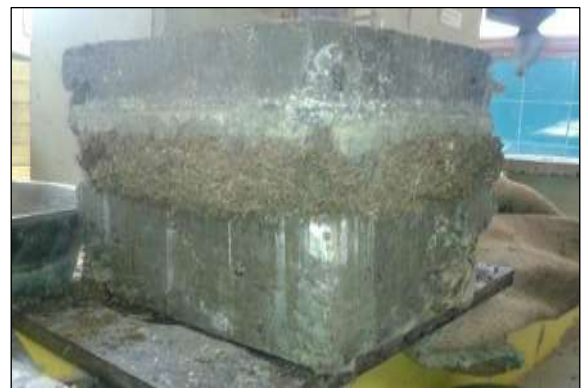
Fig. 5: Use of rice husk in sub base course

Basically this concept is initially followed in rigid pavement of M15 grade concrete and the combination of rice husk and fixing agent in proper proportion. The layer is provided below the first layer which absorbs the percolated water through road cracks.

==

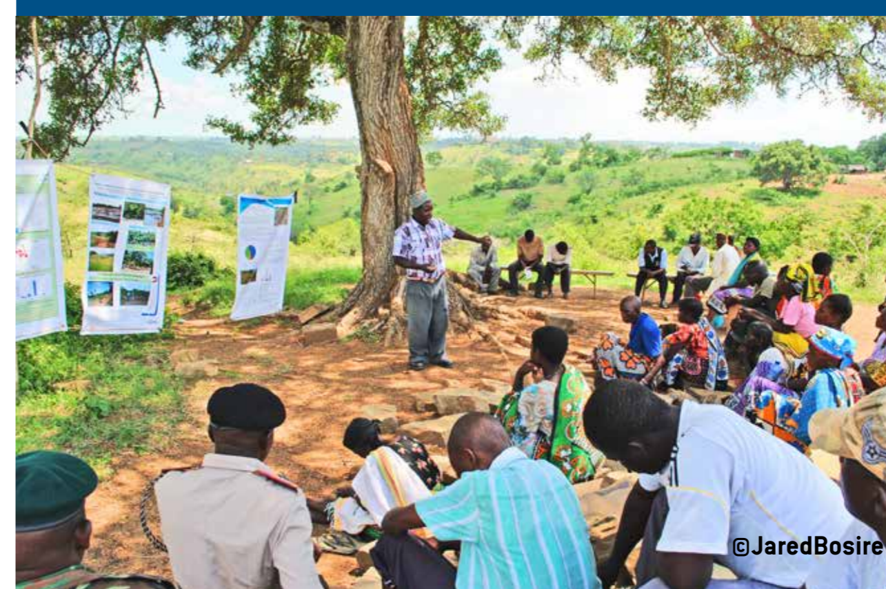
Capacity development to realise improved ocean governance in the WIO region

# Goal of the exercise:
Quote the listing above, but only from the line that shows "Fig. 5: Use of rice husk in sub base course" through the line that shows "Basically this concept".

# Answer area:
Fig. 5: Use of rice husk in sub base course

Basically this concept is initially followed in rigid pavement of M15 grade concrete and the combination of rice husk and fixing agent in proper proportion. The layer is provided below the first layer which absorbs the percolated water through road cracks.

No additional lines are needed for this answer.